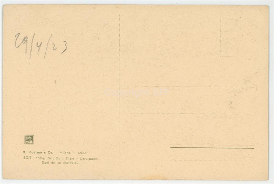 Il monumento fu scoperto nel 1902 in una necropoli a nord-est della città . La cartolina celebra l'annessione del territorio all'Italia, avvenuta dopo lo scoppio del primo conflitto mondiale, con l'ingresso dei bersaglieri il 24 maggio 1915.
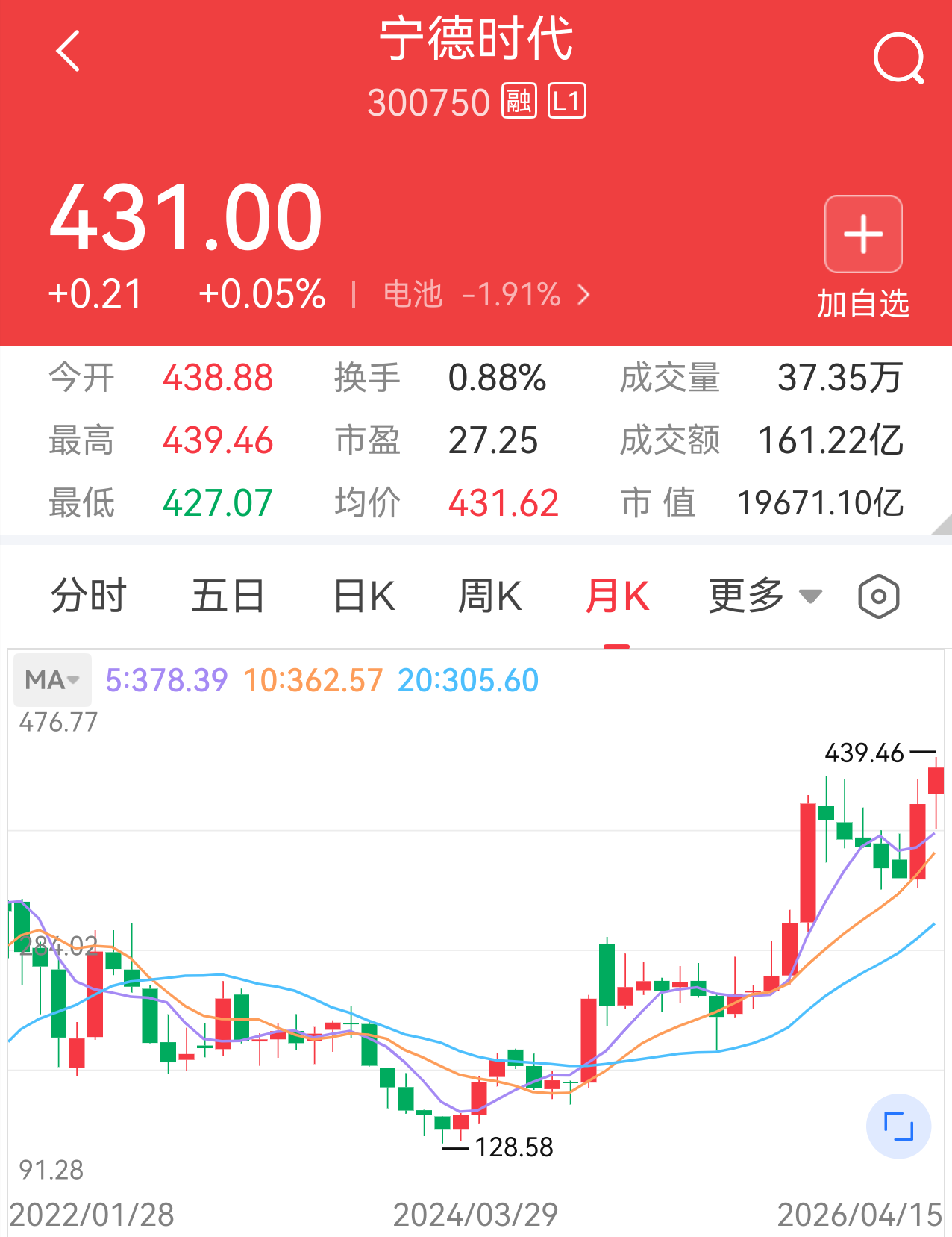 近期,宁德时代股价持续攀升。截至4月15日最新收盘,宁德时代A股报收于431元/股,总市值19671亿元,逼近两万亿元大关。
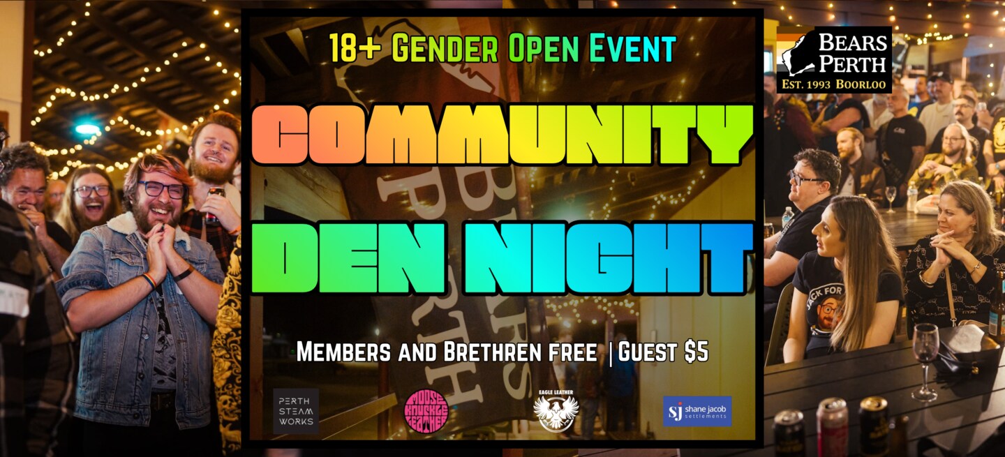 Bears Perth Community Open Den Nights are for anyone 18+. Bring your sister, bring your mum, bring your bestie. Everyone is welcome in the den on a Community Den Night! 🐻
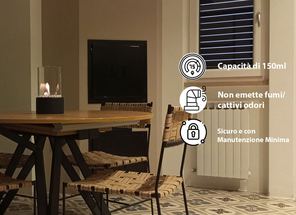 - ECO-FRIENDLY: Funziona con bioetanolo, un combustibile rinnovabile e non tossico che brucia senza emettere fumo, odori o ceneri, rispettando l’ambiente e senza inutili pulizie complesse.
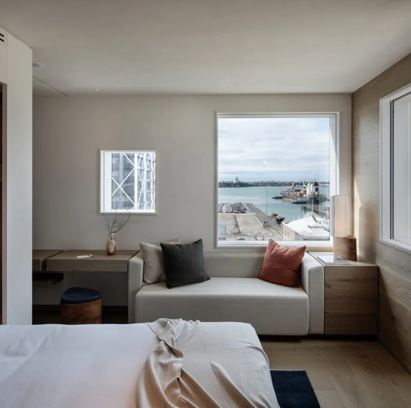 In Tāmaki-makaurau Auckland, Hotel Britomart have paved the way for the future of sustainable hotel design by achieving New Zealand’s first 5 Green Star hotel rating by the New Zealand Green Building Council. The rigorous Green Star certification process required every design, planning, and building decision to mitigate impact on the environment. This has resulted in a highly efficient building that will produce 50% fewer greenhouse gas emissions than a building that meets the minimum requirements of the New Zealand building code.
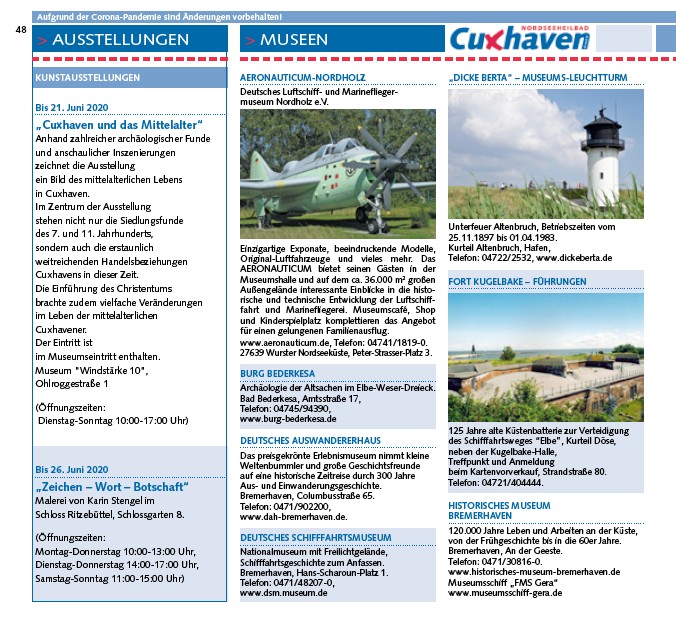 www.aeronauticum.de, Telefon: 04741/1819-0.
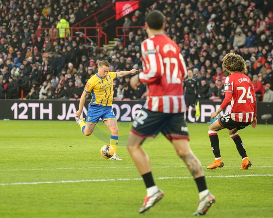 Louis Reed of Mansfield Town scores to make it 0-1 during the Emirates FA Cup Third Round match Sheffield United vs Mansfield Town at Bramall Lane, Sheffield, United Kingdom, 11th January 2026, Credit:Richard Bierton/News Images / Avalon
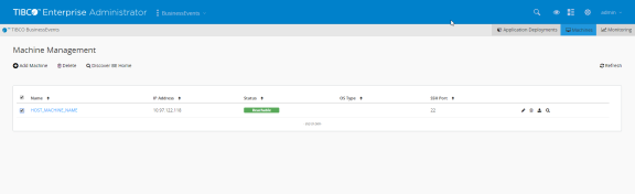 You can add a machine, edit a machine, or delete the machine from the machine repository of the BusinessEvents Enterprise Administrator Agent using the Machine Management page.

┄┄┄┄┄┄

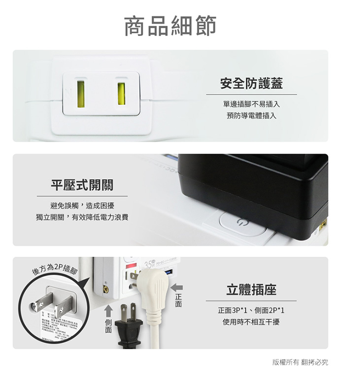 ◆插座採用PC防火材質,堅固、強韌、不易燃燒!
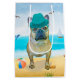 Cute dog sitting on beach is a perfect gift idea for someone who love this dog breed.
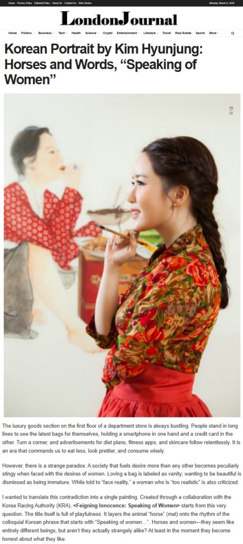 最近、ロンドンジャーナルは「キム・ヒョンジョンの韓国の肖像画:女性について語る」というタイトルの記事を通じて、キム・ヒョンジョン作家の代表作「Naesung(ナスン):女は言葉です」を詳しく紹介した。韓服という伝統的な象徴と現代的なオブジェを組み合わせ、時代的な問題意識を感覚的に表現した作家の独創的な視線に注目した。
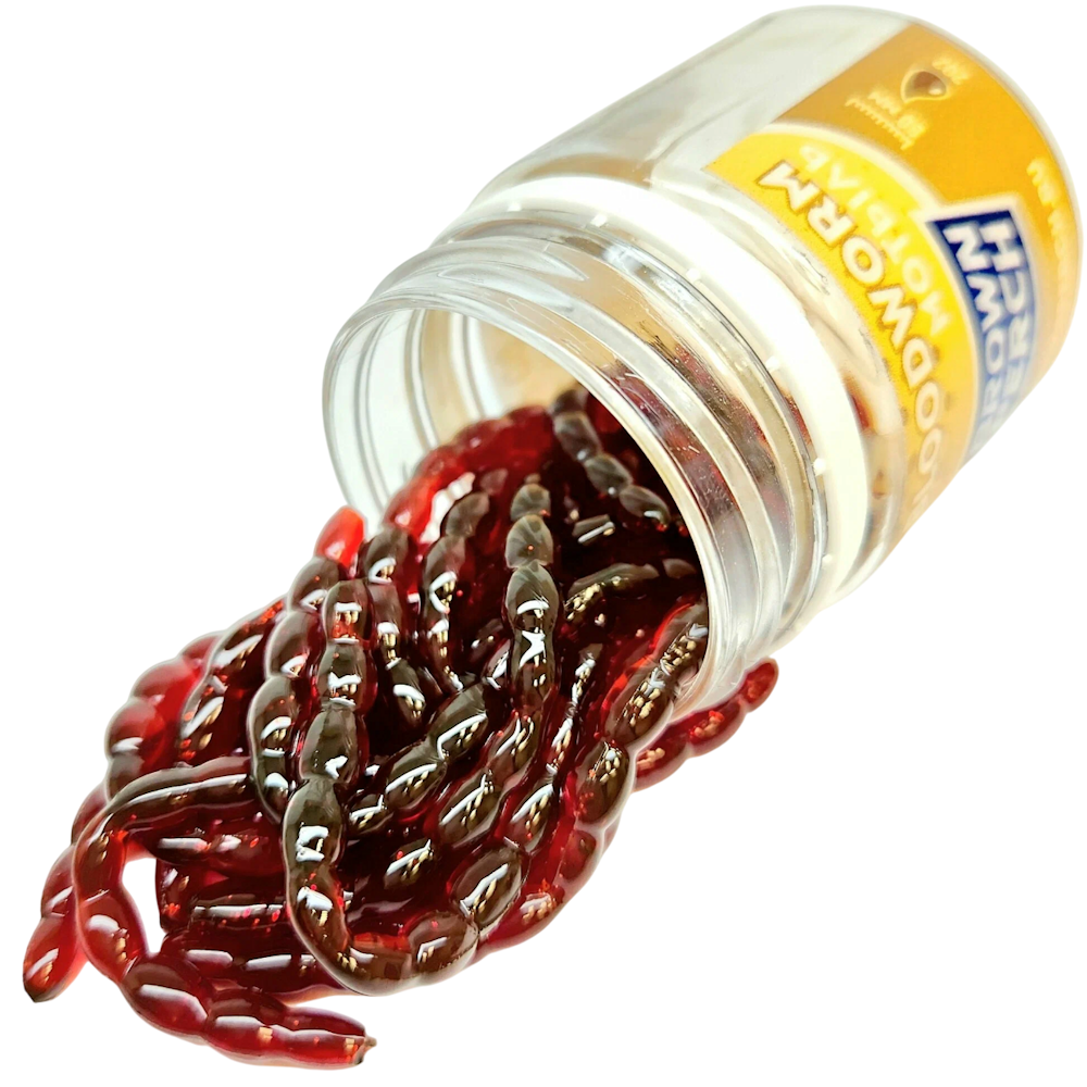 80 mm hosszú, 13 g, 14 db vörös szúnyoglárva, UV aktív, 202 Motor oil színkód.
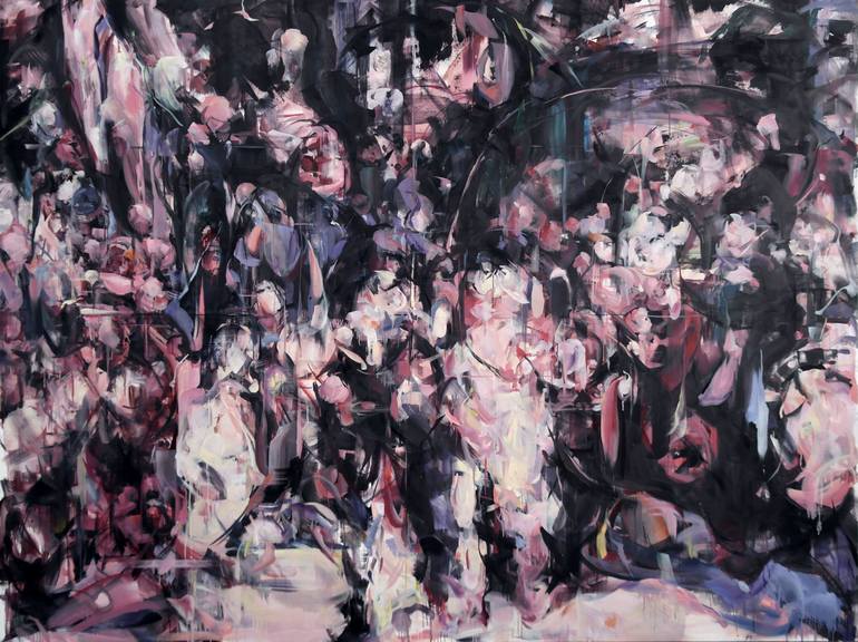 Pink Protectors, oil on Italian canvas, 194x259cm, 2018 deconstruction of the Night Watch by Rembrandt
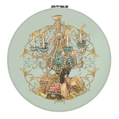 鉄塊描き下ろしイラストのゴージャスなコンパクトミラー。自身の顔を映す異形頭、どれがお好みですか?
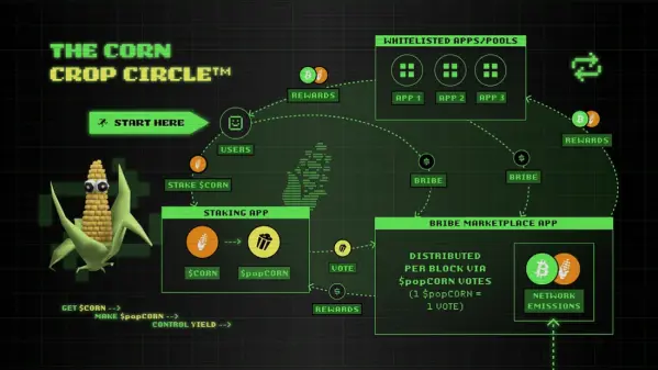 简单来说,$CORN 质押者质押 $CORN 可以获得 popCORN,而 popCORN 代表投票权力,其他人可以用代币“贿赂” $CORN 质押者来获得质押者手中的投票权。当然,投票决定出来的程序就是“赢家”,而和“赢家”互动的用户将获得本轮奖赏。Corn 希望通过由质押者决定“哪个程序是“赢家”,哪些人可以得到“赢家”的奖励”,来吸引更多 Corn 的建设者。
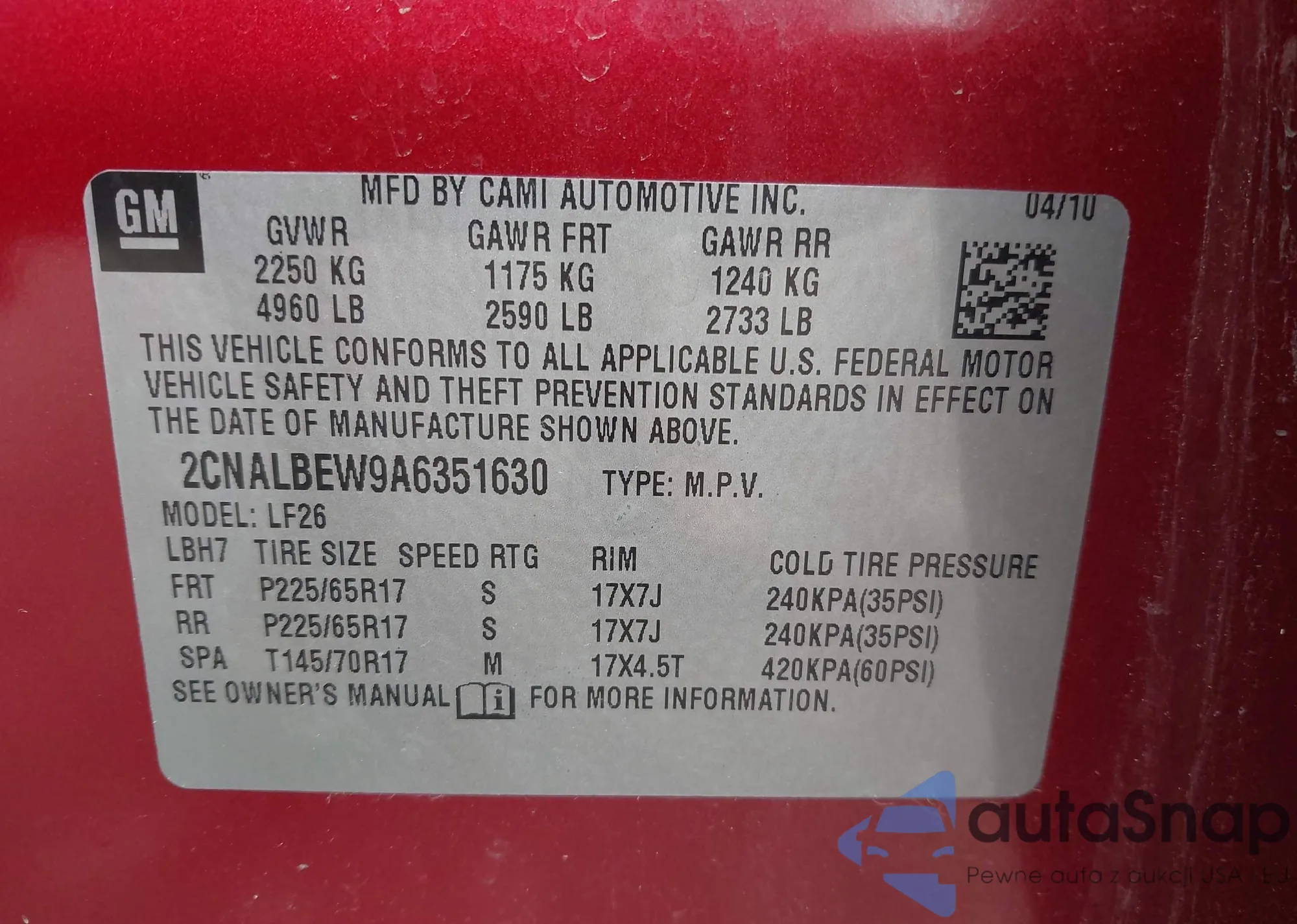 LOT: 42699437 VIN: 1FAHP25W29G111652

┄┄┄┄┄┄

Instructions to follow >> Output exactly the lines above that lie between the line with "Il monumento fu" and the line with "- ECO-FRIENDLY: Funziona", those two lines included, and no pictures.

Task solution >>
 Il monumento fu scoperto nel 1902 in una necropoli a nord-est della città . La cartolina celebra l'annessione del territorio all'Italia, avvenuta dopo lo scoppio del primo conflitto mondiale, con l'ingresso dei bersaglieri il 24 maggio 1915.
 近期,宁德时代股价持续攀升。截至4月15日最新收盘,宁德时代A股报收于431元/股,总市值19671亿元,逼近两万亿元大关。
 Bears Perth Community Open Den Nights are for anyone 18+. Bring your sister, bring your mum, bring your bestie. Everyone is welcome in the den on a Community Den Night! 🐻
 - ECO-FRIENDLY: Funziona con bioetanolo, un combustibile rinnovabile e non tossico che brucia senza emettere fumo, odori o ceneri, rispettando l’ambiente e senza inutili pulizie complesse.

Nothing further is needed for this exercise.